The toxic oil syndrome is associated with hypereosinophilia/eosinophilia and systemic symptoms due to one or more contaminants in rapeseed oil and the eosinophilia–myalgia syndrome, also associated with hypereosinophilia, appears due to trace contaminants in certain commercial batches of the amino acid, L-tryptophan.

Allergic reactions to drugs are a common cause of eosinophilia, with manifestations ranging from diffuse maculopapular rash, to severe life-threatening drug reactions with eosinophilia and systemic symptoms (DRESS). Drugs that has, allopurinol, nonsteroidal anti-inflammatory drugs (NSAIDs), some antipsychotics such as risperidone, and certain antibiotics. Phenibut, an analogue of the neurotransmitter GABA, has also been implicated in high doses. The reaction which has been shown to be T-cell mediated may also cause eosinophilia-myalgia syndrome.

==== Malignancies ====
Certain malignancies cause a secondary eosinophilia or, less commonly, hypereosinophilia. These increases in blood eosinophils appear due to the release of stimulatory cytokines or invasion of the bone marrow and thereby irritation of resident eosinophils or their precursors. Malignancies associated with these effects include gastric, colorectal, lung, bladder, and thyroid cancers, as well as squamous cell cancers of the cervix, vagina, penis, skin, and nasopharynx. Some hematological malignancies are likewise associated with secondary rises in blood eosinophil counts; these include Hodgkin disease, certain T-cell lymphomas, acute myeloid leukemia, the myelodysplastic syndromes, many cases of systemic mastocytosis, chronic myeloid leukemia, polycythemia vera, essential thrombocythemia, myelofibrosis, chronic myelomonocytic leukemia, and certain cases of T-lymphoblastic leukemia/lymphoma-associated or myelodysplastic–myeloproliferative syndrome-associated eosinophilias.

Hodgkin lymphoma (Hodgkin's disease) often elicits severe eosinophilia; however, non-Hodgkin lymphoma and leukemia produce less marked eosinophilia. Of solid tumor neoplasms, ovarian cancer is most likely to provoke eosinophilia, though any other cancer can cause the condition. Solid epithelial cell tumors have been shown to cause both tissue and blood eosinophilia, with some reports indicating that this may be mediated by interleukin production by tumor cells, especially IL-5 or IL-3. This has also been shown to occur in Hodgkin lymphoma, in the form of IL-5 secreted by Reed-Sternberg cells. In primary cutaneous T cell lymphoma, blood and dermal eosinophilia are often seen.

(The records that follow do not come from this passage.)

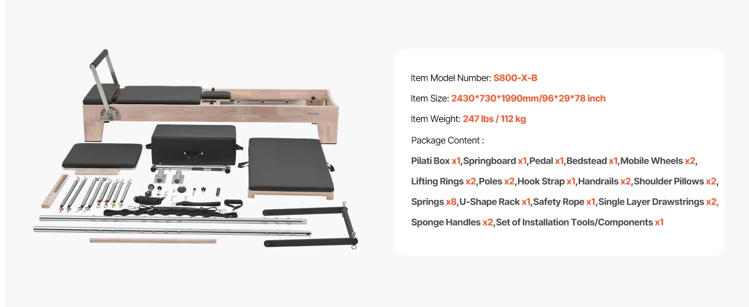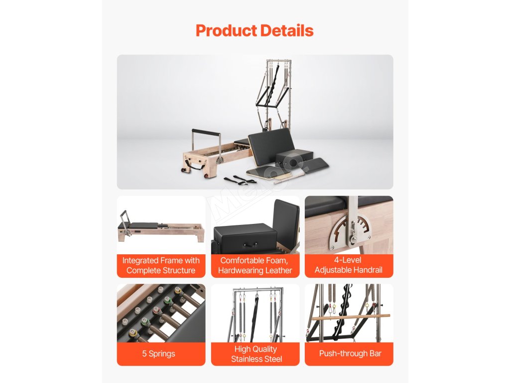 Tento multifunkčný pilates stroj 2 v 1 je navrhnutý tak, aby bol ergonomický a výškovo nastaviteľný, takže je ideálny na rôzne cvičenia. Poskytuje vám pohodlie na efektívne a účinné cvičenie.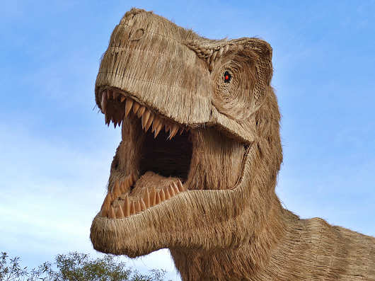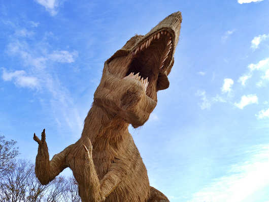 昨年のテーマは「鶏と卵」だったので、ほのぼのとしたわらかがしでしたが、今年は肉食恐竜の頂点に立つティラノサウルスなのでかなり迫力がありますね。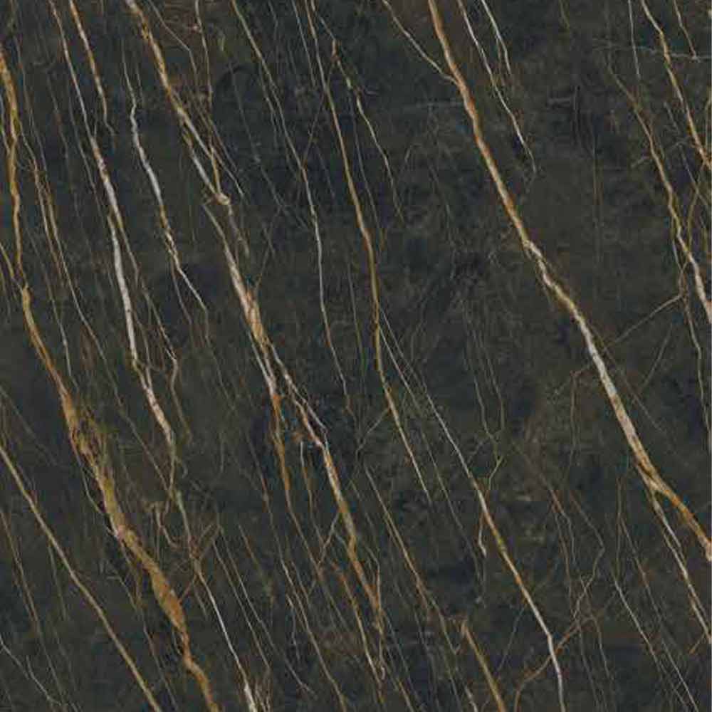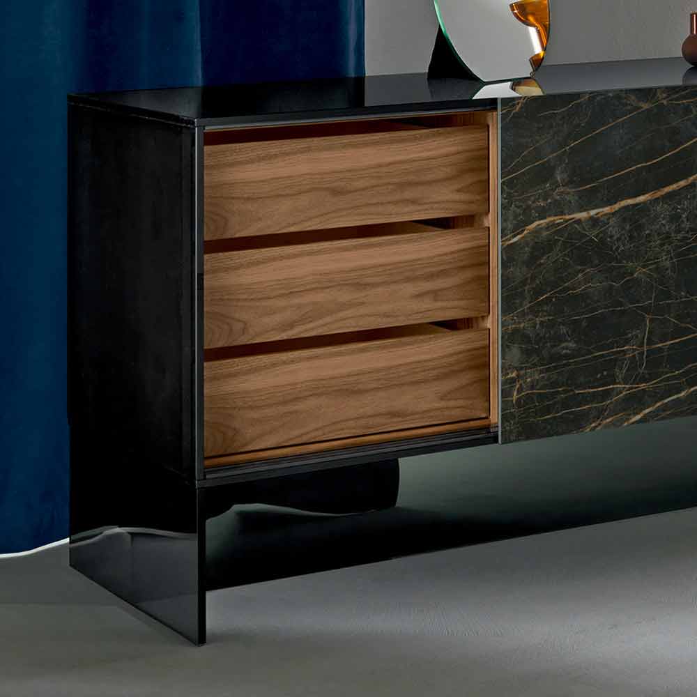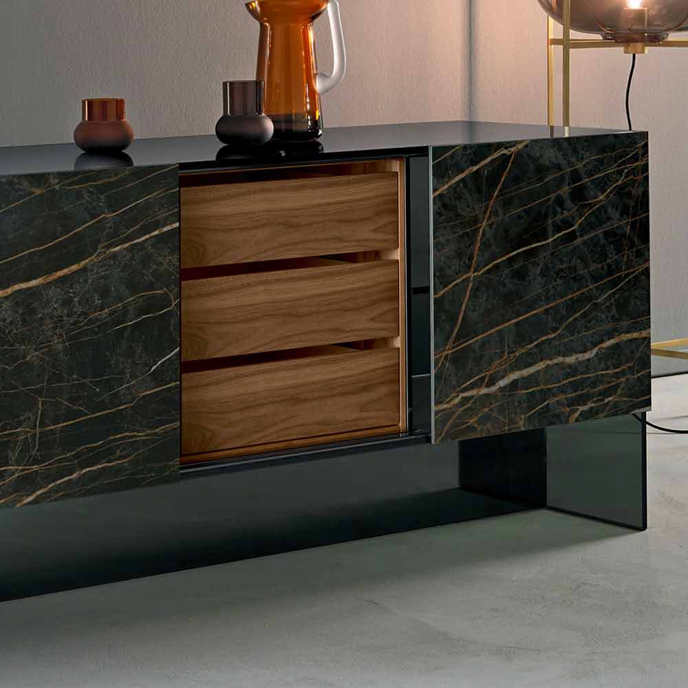 Salloni anësor i dhomës së ndenjes me një strukturë qelqi smokey dhe dy dyer të ndritshme qeramike Noir Desir, realizuar me dorë në Itali.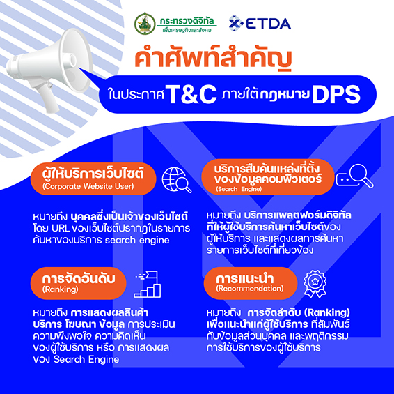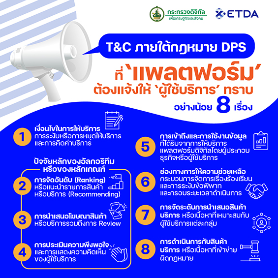 นายชัยชนะ มิตรพันธ์ ผู้อำนวยการ ETDA เปิดเผยว่า ตามที่ กฎหมาย DPS (Digital Platform Service) หรือ พ.ร.ฎ.การประกอบธุรกิจบริการแพลตฟอร์มดิจิทัล ที่ต้องแจ้งให้ทราบ พ.ศ. 2565 มาตรา 17 ได้กำหนดให้ผู้ประกอบธุรกิจแพลตฟอร์มดิจิทัล ที่มีลักษณะบริการตาม มาตรา 16 คือ เป็นบริการแพลตฟอร์มที่มีลักษณะให้บริการโดยคิดค่าบริการ, ให้บริการเป็นสื่อกลางในการเสนอสินค้าหรือบริการ, ผู้ประกอบธุรกิจมีสัญญากับผู้ประกอบการในการเสนอสินค้าหรือบริการ หรือเป็นบริการ Search engine หรือ เป็นบริการสืบค้นแหล่งที่ตั้งของข้อมูลคอมพิวเตอร์ จะต้องดำเนินการแจ้งให้ผู้ใช้บริการทราบเกี่ยวกับ "ข้อตกลงและเงื่อนไขการให้บริการ (Terms & Conditions: T&C)” ก่อนหรือขณะใช้บริการ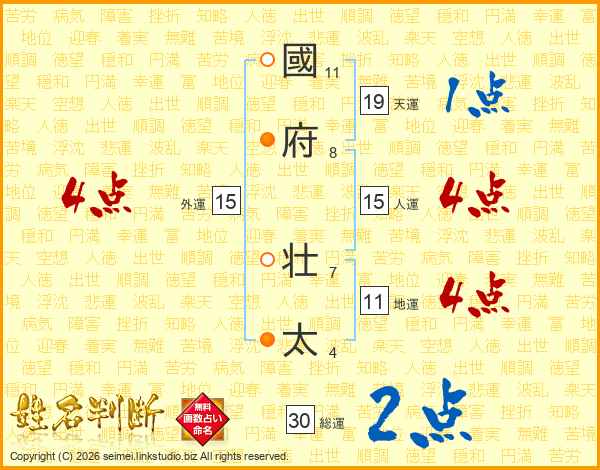 國(11画)府(8画) 壮(7画)太(4画)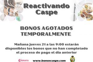 El área de Comercio del Ayuntamiento de Caspe comunica que se han agotado, temporalmente, los bonos de la campaña “Reactivando Caspe”. Mañana jueves 21 de...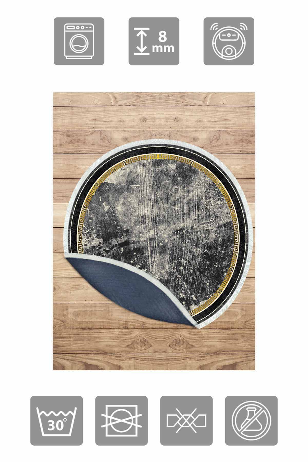 Maße und Lieferung: 1x Birkilim Runder waschbarer dekorativer Teppich, seidige, rutschfeste Basis | MLN-IP-YU-HT-1110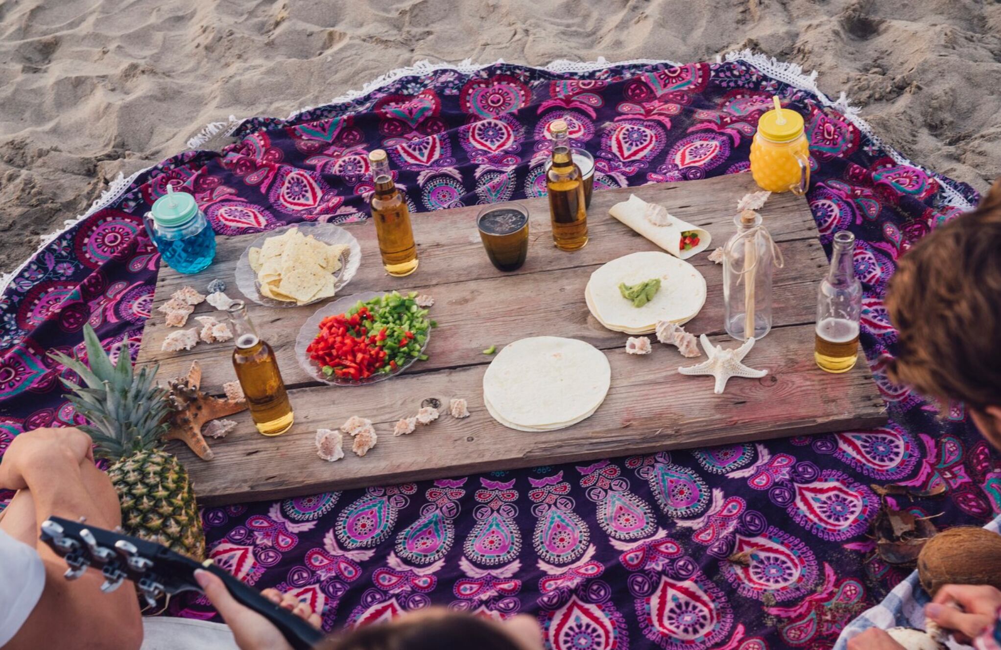Crea estaciones de degustación para agregar variedad a tu picnic. Configura una estación de degustación de quesos con una selección de quesos gourmet y acompañamientos. Otra idea es una estación de cócteles o bebidas refrescantes donde los invitados pueden mezclar sus propias creaciones. Las estaciones de degustación agregan un toque sofisticado y permiten a los invitados experimentar una amplia gama de sabores.

Lymphoma cells have also been shown to produce IL-5 in these disorders. Other types of lymphoid malignancies have been associated with eosinophilia, as in lymphoblastic leukemia with a translocation between chromosomes 5 and 14 or alterations in the genes which encode platelet-derived growth factor receptors alpha or beta. Patients displaying eosinophilia overexpress a gene encoding an eosinophil hematopoietin. A translocation between chromosomes 5 and 14 in patients with acute B lymphocytic leukemia resulted in the juxtaposition of the IL-3 gene and the immunoglobulin heavy-chain gene, causing overproduction production of IL-3, leading to blood and tissue eosinophilia.

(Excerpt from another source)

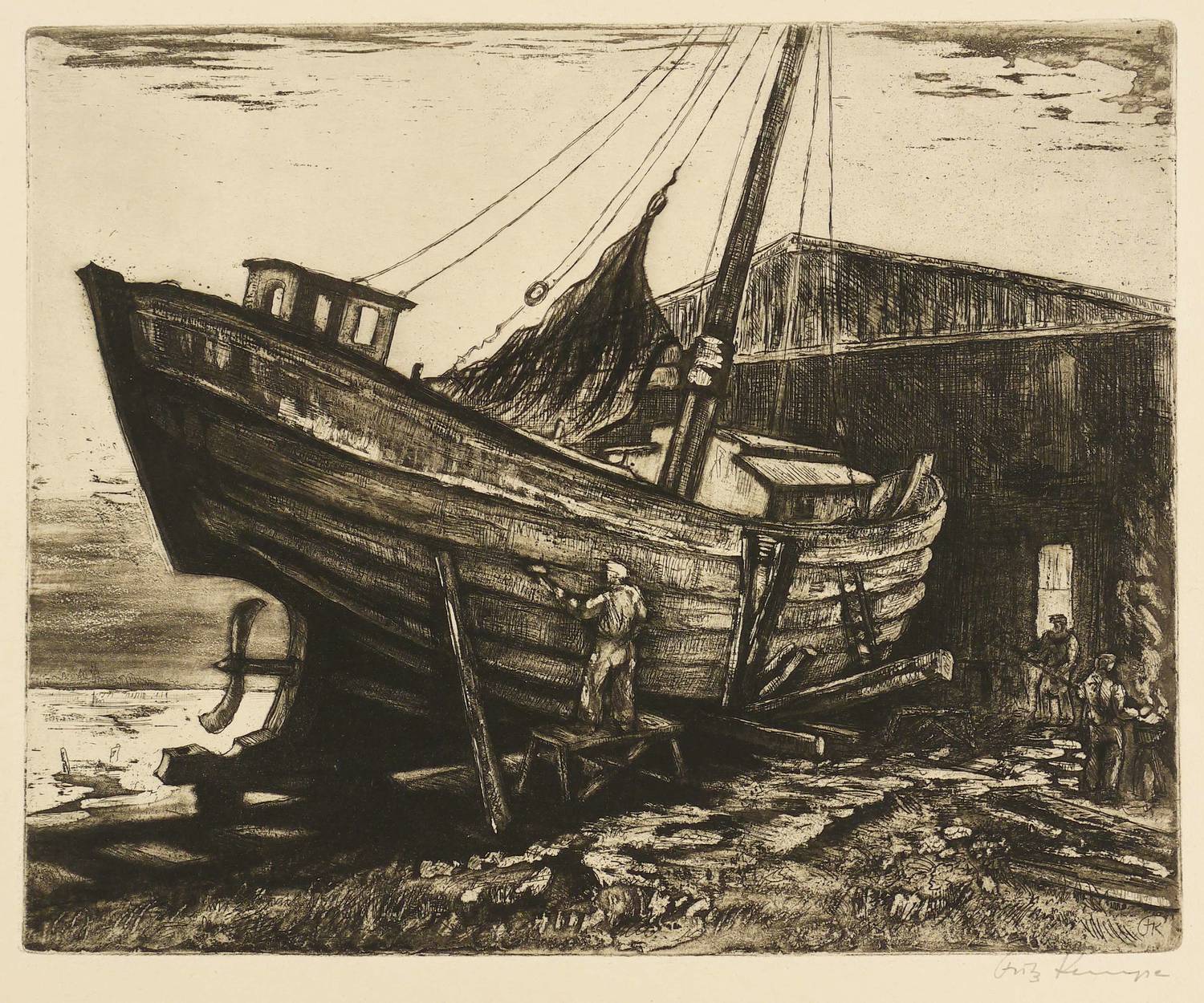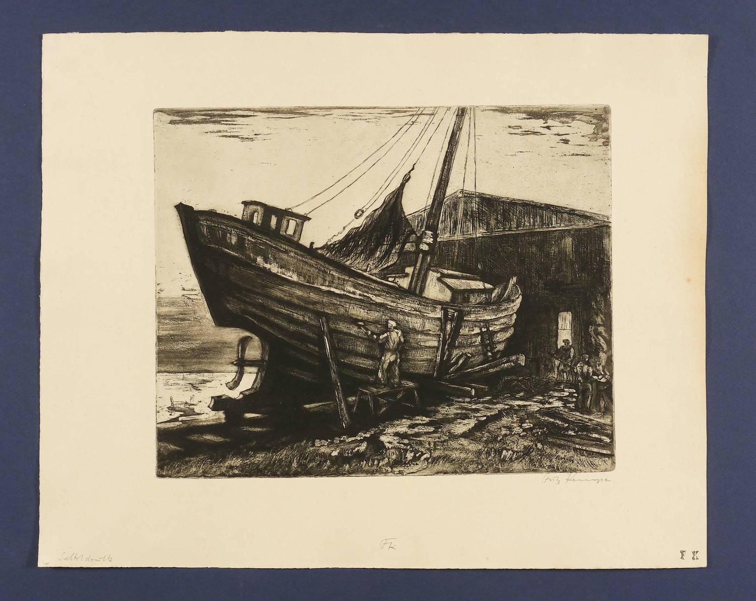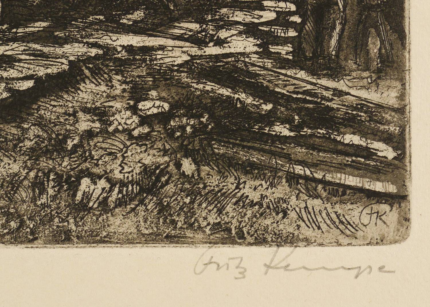 Rechts unten in Bleistift signiert: ″Fritz Kempe″. Im unteren Blattrand bezeichnet und monogrammiert: ″Selbstdruck / FK″. Rechts Monogrammstempel des Künstlers. In der Platte rechts unten zusätzlich monogrammiert. – Papier etwas gebräunt und minimal stockfleckig. Die Blattkanten etwas bestoßen mit leichten Läsionen. Insgesamt guter Erhaltungszustand.

==== Primary immunodeficiency diseases ====

Primary immunodeficiency diseases are inborn errors in the immune system due to defective genes. Certain of these disorders are sometimes or often associated with hypereosinophilia. The list of such disorders includes ZAP70 deficiency (defective ZAP70 gene), CD3gamma chain deficiency (defective CD3G gene), MCHII deficiency (defective RFXANK gene), Wiskott–Aldrich syndrome (defective WAS gene), IPEX syndrome (defective IPEX gene), CD40 gene defect, and autoimmune lymphoproliferative syndrome (defective Fas receptor gene). More than 30 other primary immunodeficiency diseases are sometimes associated with modest increases in eosinophil counts, i.e. eosinophilia. The hyperimmunoglobulin E syndrome is associated with hypereosinophilia or eosinophilia due to mutations in any one of the following genes: STAT3, DOCK8, PGM3, SPINK5, and TYK2 (see mutations in the hymperimmoglobulin E syndrome). Omenn syndrome is a severe combined immunodeficiency disease characterized by skin rash, splenomegaly, and lymphadenopathy due to a causative mutation in RAG1, RAG2, or, more rarely, one of several other genes.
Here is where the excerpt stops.